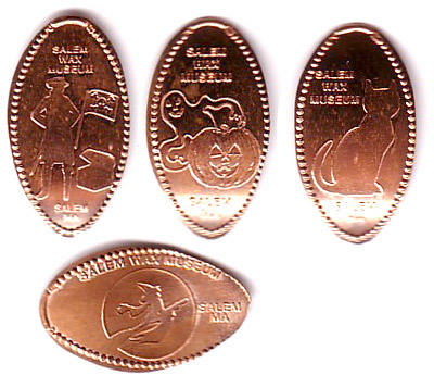 Retired 2: Designs all say "Salem Wax Museum, Salem MA" 1) (V) Cat outline, 2) (V) Ghost and jack-o-lantern, 3) (V) Pirate, flag, treasure chest, 4) (H) Witch on a broom in front of a full moon, flying right
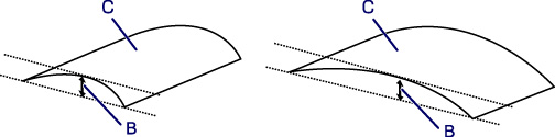 Ανάλογα με τον τύπο του χαρτιού, το χαρτί ενδέχεται να μουτζουρώνεται ή να μην τροφοδοτείται σωστά ακόμα και εάν δεν είναι κυρτωμένο προς τα μέσα. Ακολουθήστε τις παρακάτω οδηγίες για να ισιώσετε το κυρτωμένο χαρτί προς τα έξω κατά 3 χιλ. / 0,1 ίντσες (B) πριν από την εκτύπωση. Με τον τρόπο αυτό ενδέχεται να βελτιωθεί η ποιότητα της εκτύπωσης.
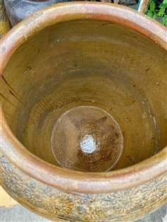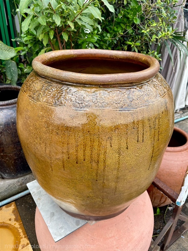 โอ่งมันปู โอ่งโบราณ สีมันปู ลายดอกไม้ ไซต์ใหญ่
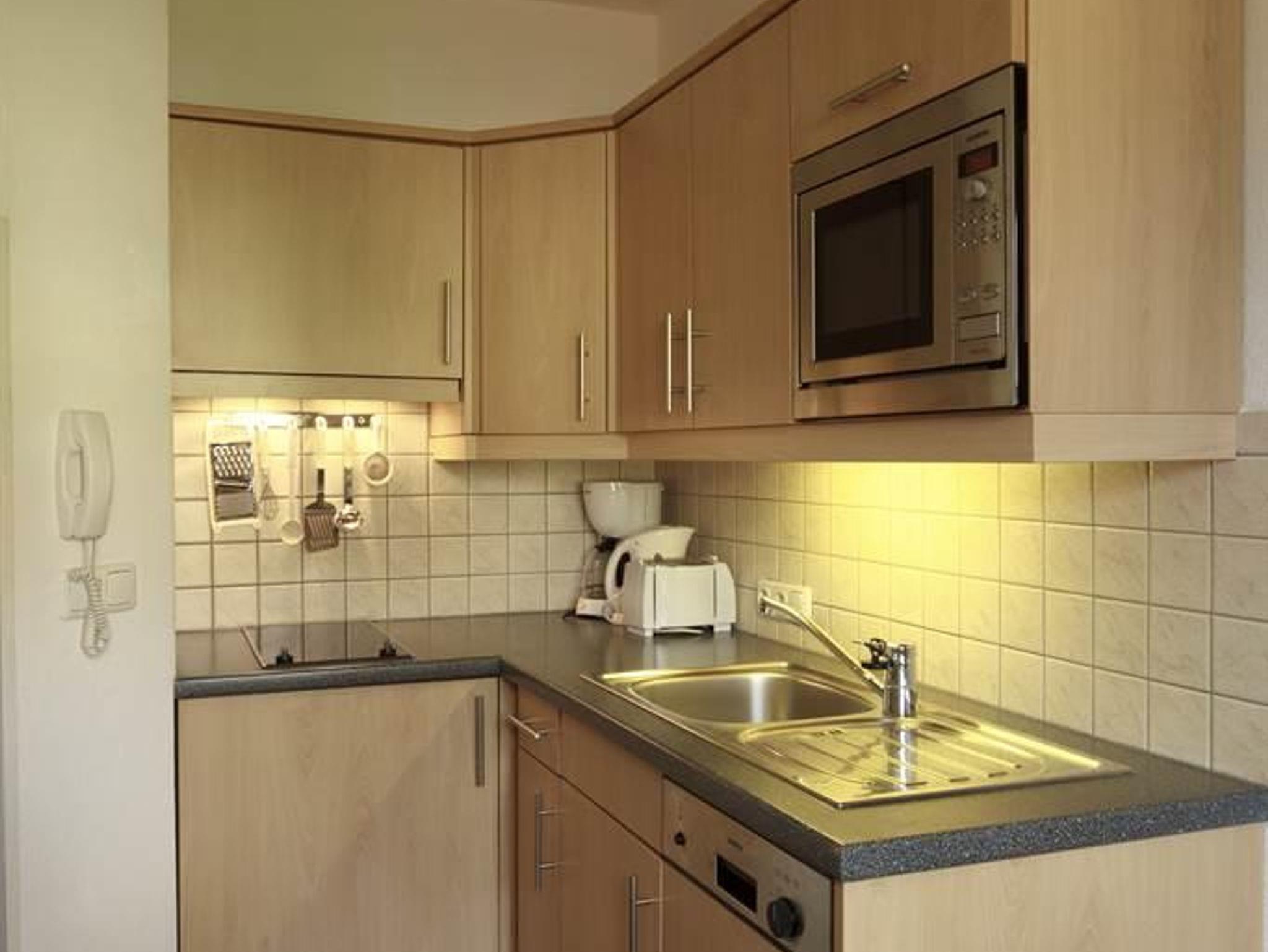 Die Küche ist mit Mikrowelle, Herdplatten, Geschirrspüler, Kühlschrank, Kaffeemaschine, Wasserkocher, komplettem Kochgeschirr ausgestattet.

___

> _WORK ITEM_: After removing the pictures, transcribe the listing above exactly.

> _SOLUTION TO THIS PROBLEM_:
 Retired 2: Designs all say "Salem Wax Museum, Salem MA" 1) (V) Cat outline, 2) (V) Ghost and jack-o-lantern, 3) (V) Pirate, flag, treasure chest, 4) (H) Witch on a broom in front of a full moon, flying right
 Ανάλογα με τον τύπο του χαρτιού, το χαρτί ενδέχεται να μουτζουρώνεται ή να μην τροφοδοτείται σωστά ακόμα και εάν δεν είναι κυρτωμένο προς τα μέσα. Ακολουθήστε τις παρακάτω οδηγίες για να ισιώσετε το κυρτωμένο χαρτί προς τα έξω κατά 3 χιλ. / 0,1 ίντσες (B) πριν από την εκτύπωση. Με τον τρόπο αυτό ενδέχεται να βελτιωθεί η ποιότητα της εκτύπωσης.
 โอ่งมันปู โอ่งโบราณ สีมันปู ลายดอกไม้ ไซต์ใหญ่
 Die Küche ist mit Mikrowelle, Herdplatten, Geschirrspüler, Kühlschrank, Kaffeemaschine, Wasserkocher, komplettem Kochgeschirr ausgestattet.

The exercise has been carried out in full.